Stored entries
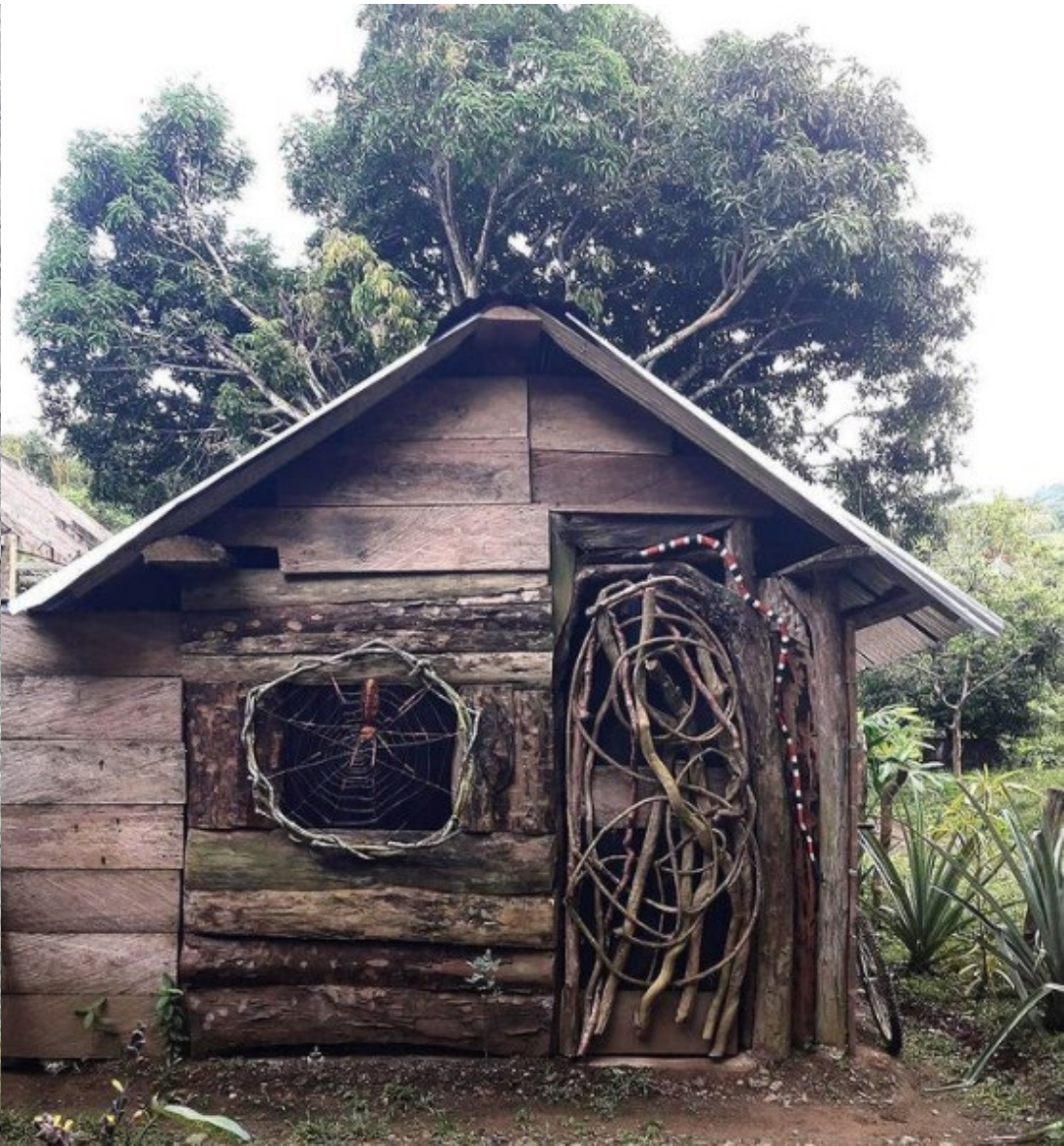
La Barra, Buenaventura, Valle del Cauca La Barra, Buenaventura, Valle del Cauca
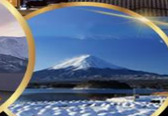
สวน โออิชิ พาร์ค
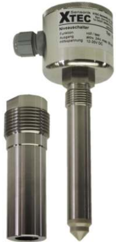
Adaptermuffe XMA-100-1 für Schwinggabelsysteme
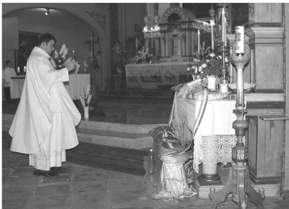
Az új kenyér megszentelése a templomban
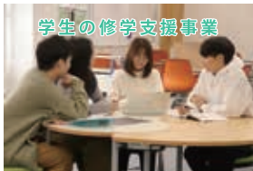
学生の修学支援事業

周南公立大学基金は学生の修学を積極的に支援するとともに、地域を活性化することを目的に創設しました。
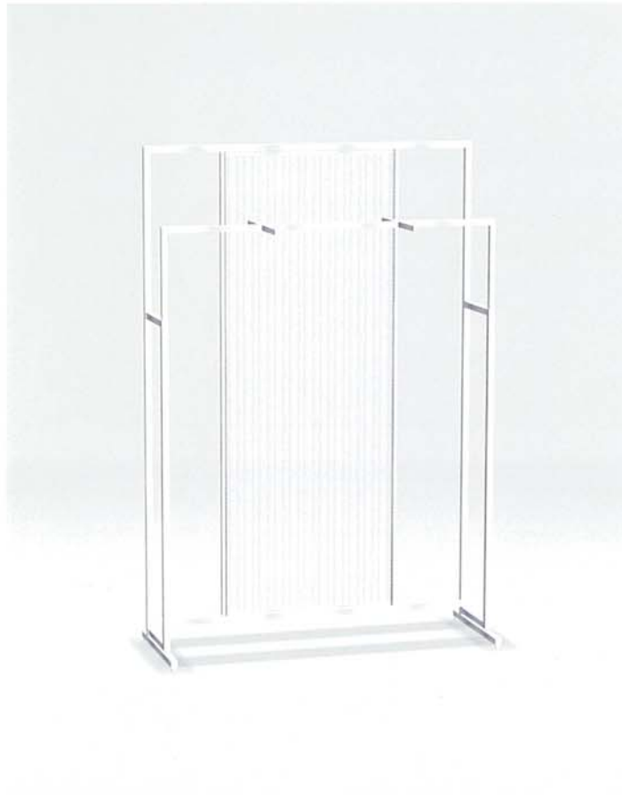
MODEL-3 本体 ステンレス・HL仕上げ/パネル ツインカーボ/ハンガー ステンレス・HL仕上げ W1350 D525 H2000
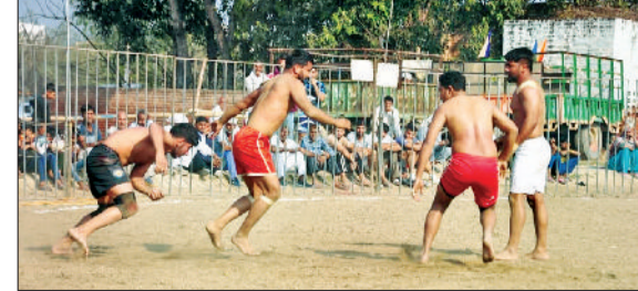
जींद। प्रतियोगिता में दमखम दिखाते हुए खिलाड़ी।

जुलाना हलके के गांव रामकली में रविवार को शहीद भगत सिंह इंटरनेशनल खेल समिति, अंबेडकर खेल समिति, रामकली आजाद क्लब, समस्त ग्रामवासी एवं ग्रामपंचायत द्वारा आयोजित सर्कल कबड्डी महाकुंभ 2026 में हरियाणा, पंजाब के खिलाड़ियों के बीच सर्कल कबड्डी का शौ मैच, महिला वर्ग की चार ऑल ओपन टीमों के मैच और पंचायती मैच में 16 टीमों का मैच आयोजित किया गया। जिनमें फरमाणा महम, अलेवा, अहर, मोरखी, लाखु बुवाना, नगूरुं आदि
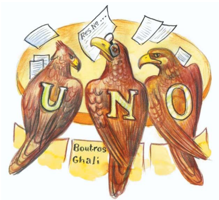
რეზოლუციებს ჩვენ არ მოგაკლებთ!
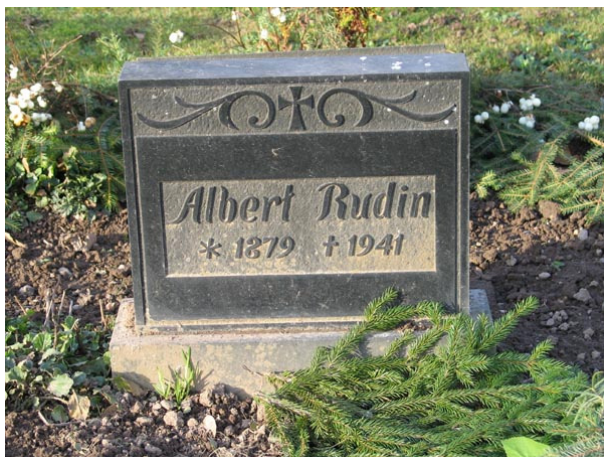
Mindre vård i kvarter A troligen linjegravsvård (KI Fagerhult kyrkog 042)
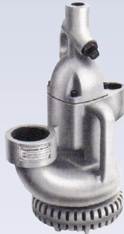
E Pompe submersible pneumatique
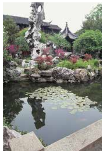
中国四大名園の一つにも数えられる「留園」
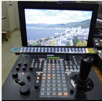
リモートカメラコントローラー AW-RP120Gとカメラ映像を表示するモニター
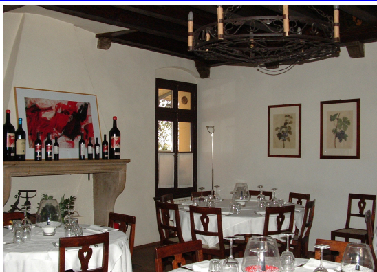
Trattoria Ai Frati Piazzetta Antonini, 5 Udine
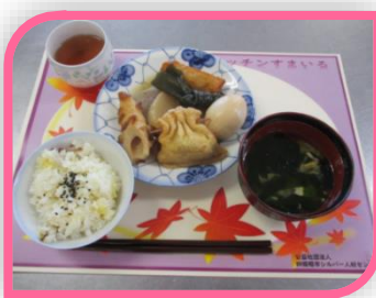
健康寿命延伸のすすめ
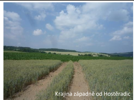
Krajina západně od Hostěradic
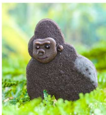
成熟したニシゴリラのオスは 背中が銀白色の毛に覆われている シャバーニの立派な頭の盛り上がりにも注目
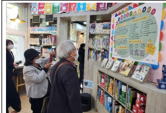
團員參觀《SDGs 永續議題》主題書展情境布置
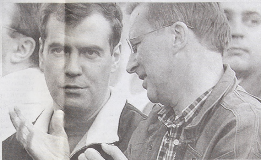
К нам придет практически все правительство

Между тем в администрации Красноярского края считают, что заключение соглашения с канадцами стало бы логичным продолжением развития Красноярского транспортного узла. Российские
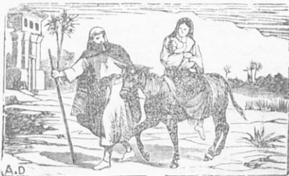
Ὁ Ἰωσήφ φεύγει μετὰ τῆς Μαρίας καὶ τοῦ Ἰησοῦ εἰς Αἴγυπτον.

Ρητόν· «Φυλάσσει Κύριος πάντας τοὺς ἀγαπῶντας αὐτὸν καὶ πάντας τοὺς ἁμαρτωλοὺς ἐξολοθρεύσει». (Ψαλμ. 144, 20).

• Requirement
In the entries above, find the line containing "जुलाना हलके के" and the line containing "Mindre vård i"; give again exactly those two lines and every line between them, minus the pictures.

• Result of the task
जुलाना हलके के गांव रामकली में रविवार को शहीद भगत सिंह इंटरनेशनल खेल समिति, अंबेडकर खेल समिति, रामकली आजाद क्लब, समस्त ग्रामवासी एवं ग्रामपंचायत द्वारा आयोजित सर्कल कबड्डी महाकुंभ 2026 में हरियाणा, पंजाब के खिलाड़ियों के बीच सर्कल कबड्डी का शौ मैच, महिला वर्ग की चार ऑल ओपन टीमों के मैच और पंचायती मैच में 16 टीमों का मैच आयोजित किया गया। जिनमें फरमाणा महम, अलेवा, अहर, मोरखी, लाखु बुवाना, नगूरुं आदि
რეზოლუციებს ჩვენ არ მოგაკლებთ!
Mindre vård i kvarter A troligen linjegravsvård (KI Fagerhult kyrkog 042)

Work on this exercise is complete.